External Load a Visualization of 3D intracranial electrodes (yellow) on a preoperative MRI rigidly aligned with CT image, b Visualization of projected electrodes (red) on MRI, c Visualization of brain nodes pre-transformed (red) and transformed (yellow) along with 3D brain model (blue with reduced opacity) on preoperative MRI rigidly aligned with CT image. Visualization performed with 3D Slicer www.slicer.org [5]

We used nodal displacements computed by MTLED (see Fig. 12) in the scattered transform module [14] in 3D Slicer to obtain a BSpline transform to warp the preoperative MRI image so that it corresponds to the brain configuration with electrodes implanted (see Fig. 12).

Fig. 12
figure 12

Visualization of the transformed preoperative MRI using deformation field computed by MTLED registered onto a CT with implanted intracranial electrodes. Visualization performed with 3D Slicer www.slicer.org [5]

The simulation presented in this study was performed on a HP ProBook with Intel Core i7 2.7 GHz processor and 8 GB of physical memory. The calculation time for generating automatically a patient-specific computational model with all details, including patient-specific geometry construction, craniotomy region selection, external loading and defining contacts was 180.87 s. The execution time of the MTLED solution algorithm (i.e. obtaining the deformed model) was 762 s. The time for warping the preoperative image with the deformation field extracted from the model was 0.9 s.

4 Discussion and Conclusion

In this paper we described the framework for automated solution of computational biomechanics problems described by partial differential equations of solid mechanics. We also demonstrated the effectiveness of this framework using a case study of brain deformation caused by the placement of electrodes on brain surface in intracranial electroencephalography (iEEG).

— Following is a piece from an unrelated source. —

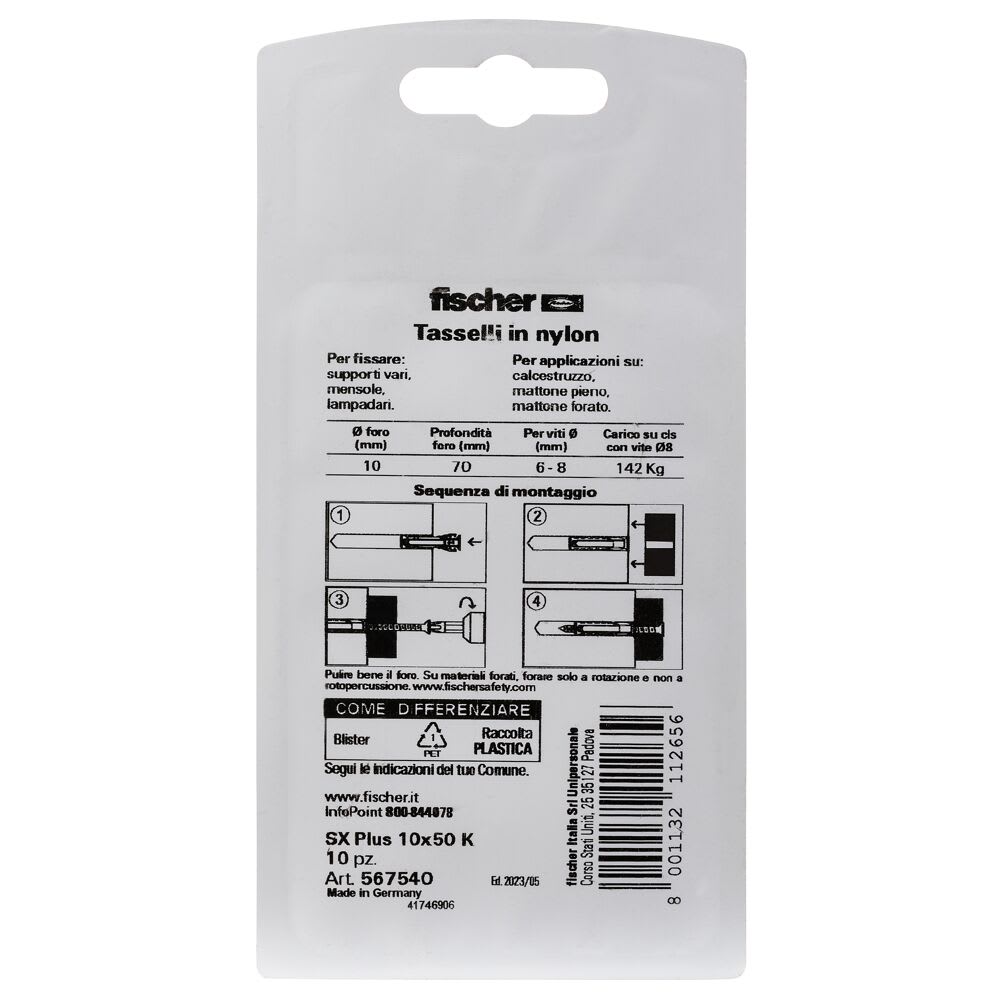 FISCHER ITALIA - FIS00567540 SX PLUS 10X50 K TASSELLO - 00567540

In this study, electrodes implanted brain shift is simulated with 21,788 nodes (i.e. ~65,364 differential equations are solved) and 55,470 integration cells. The model has 221,880 integration points. The patient specific biomechanical model construction, which involves defining the patient specific brain geometry from a preoperative MRI, patient-specific tetrahedral integration grid generation, defining boundary conditions and external loads, and assigning material properties to brain tissues, took 180.87 s of computer processing time. The solution of the model using our MTLED algorithm took 762 s and finally the image warping took 0.9 s.

We are interested in computation of the deformation field within the brain which is completely determined by the description of the displacement on the boundary and equations of solid mechanics. We are creating an automatic framework that facilitates such computation for wide range of neurosurgical procedures. We previously successfully validated through application in computation of the brain shift induced by craniotomy and comparison of the predicted deformations with the intraoperative MRI [26]. In this study we present an extension of this framework to even more challenging problems of computing brain deformations induced by implantation of intracranial electroencephalography (iEEG) electrodes [39]. We showcase it through application in the analysis of an epilepsy patient undergoing such implantation. The results are very promising. Nevertheless application in computer simulation of a selected surgical procedure conducted on one patient can be regarded only as a preliminary evaluation of our framework. Therefore, we plan to apply our framework in the analysis of more patients undergoing craniotomy induced brain shift, electrode implantation for epilepsy treatment, and brain tumour resection.